→ The task
All lines below starting at the one that holds "The car is finished" and ending at the one that holds "クリスマスカラーがポイントの" should be printed exactly, ends included. Pictures should not be printed, nor anything else.

→ Entries supplied
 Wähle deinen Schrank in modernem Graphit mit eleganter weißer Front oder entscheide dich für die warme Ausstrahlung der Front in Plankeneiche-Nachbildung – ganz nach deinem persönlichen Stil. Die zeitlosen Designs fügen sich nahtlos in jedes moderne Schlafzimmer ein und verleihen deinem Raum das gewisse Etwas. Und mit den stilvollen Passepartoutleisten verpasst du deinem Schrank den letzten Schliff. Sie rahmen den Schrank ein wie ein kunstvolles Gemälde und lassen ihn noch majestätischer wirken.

--

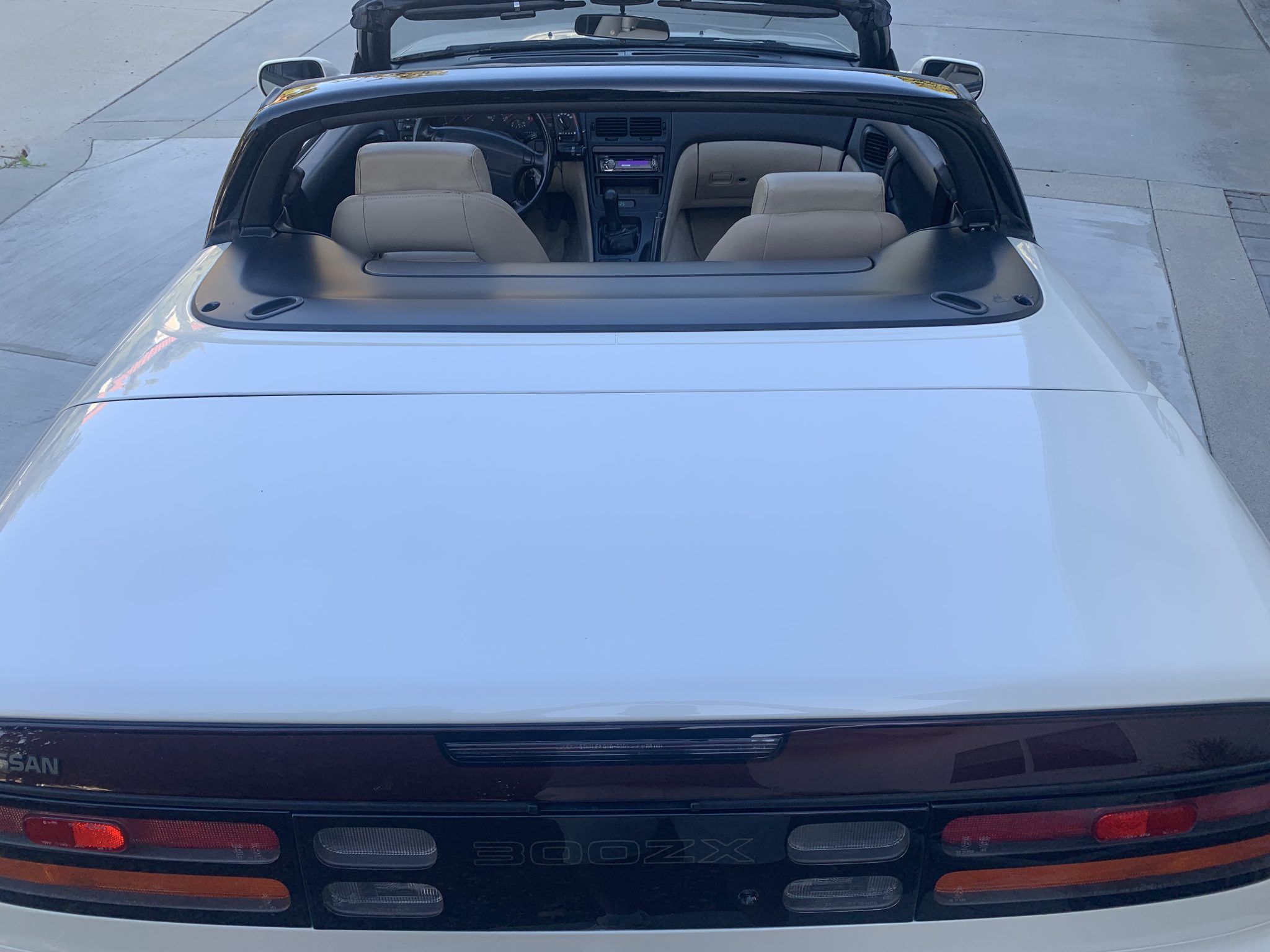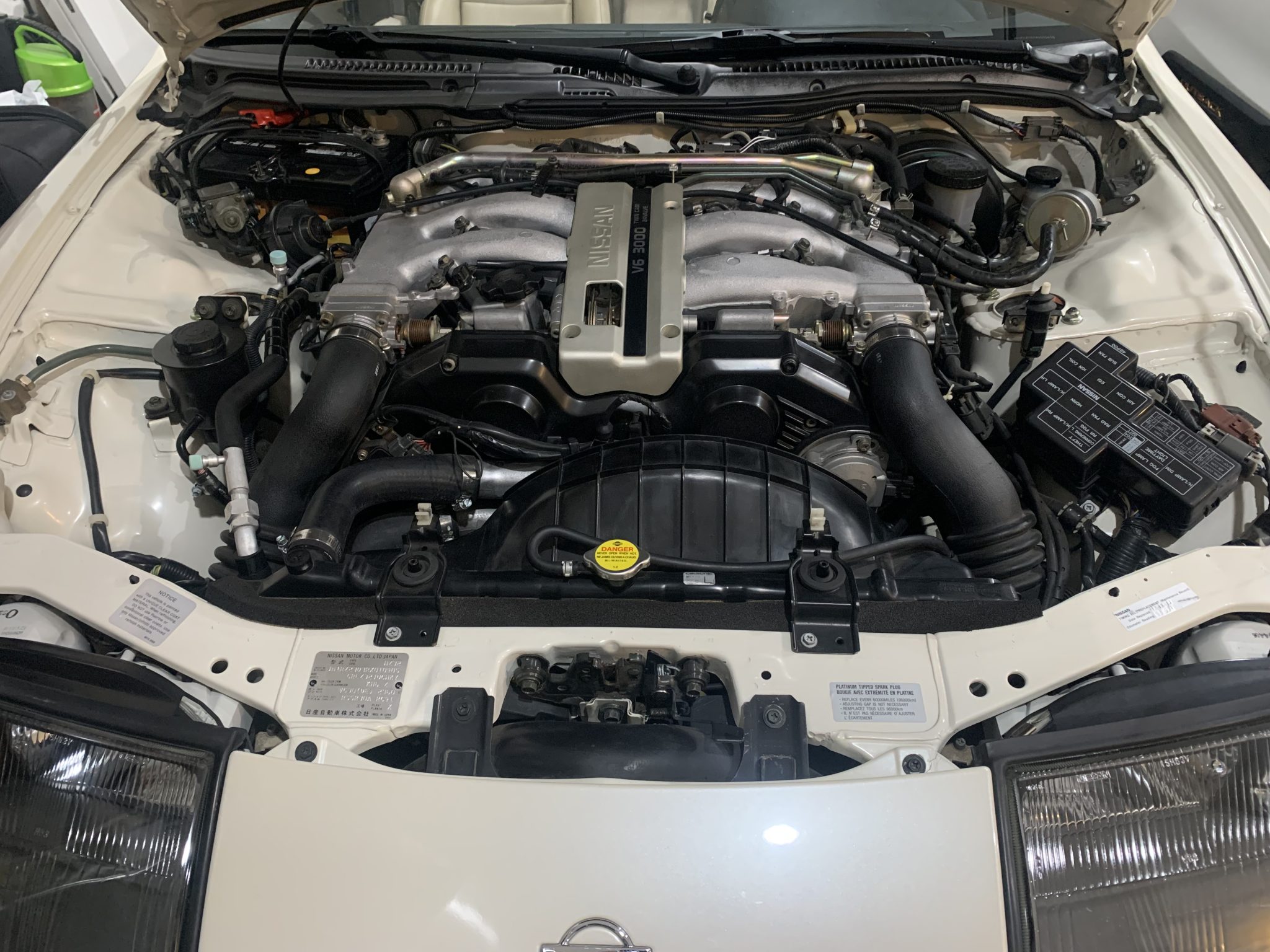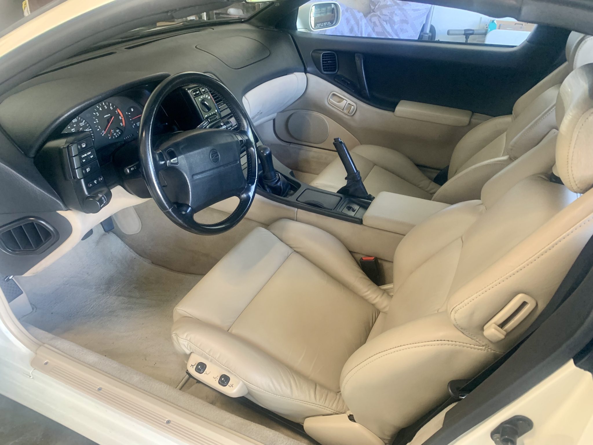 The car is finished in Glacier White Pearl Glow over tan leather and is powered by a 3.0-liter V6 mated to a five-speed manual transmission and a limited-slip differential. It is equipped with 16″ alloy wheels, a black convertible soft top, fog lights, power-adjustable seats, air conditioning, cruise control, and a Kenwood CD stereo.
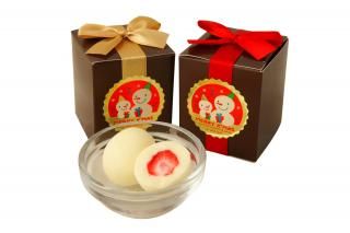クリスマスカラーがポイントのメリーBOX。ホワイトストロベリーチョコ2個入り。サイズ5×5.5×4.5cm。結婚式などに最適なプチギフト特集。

→ Answer section
 The car is finished in Glacier White Pearl Glow over tan leather and is powered by a 3.0-liter V6 mated to a five-speed manual transmission and a limited-slip differential. It is equipped with 16″ alloy wheels, a black convertible soft top, fog lights, power-adjustable seats, air conditioning, cruise control, and a Kenwood CD stereo.
クリスマスカラーがポイントのメリーBOX。ホワイトストロベリーチョコ2個入り。サイズ5×5.5×4.5cm。結婚式などに最適なプチギフト特集。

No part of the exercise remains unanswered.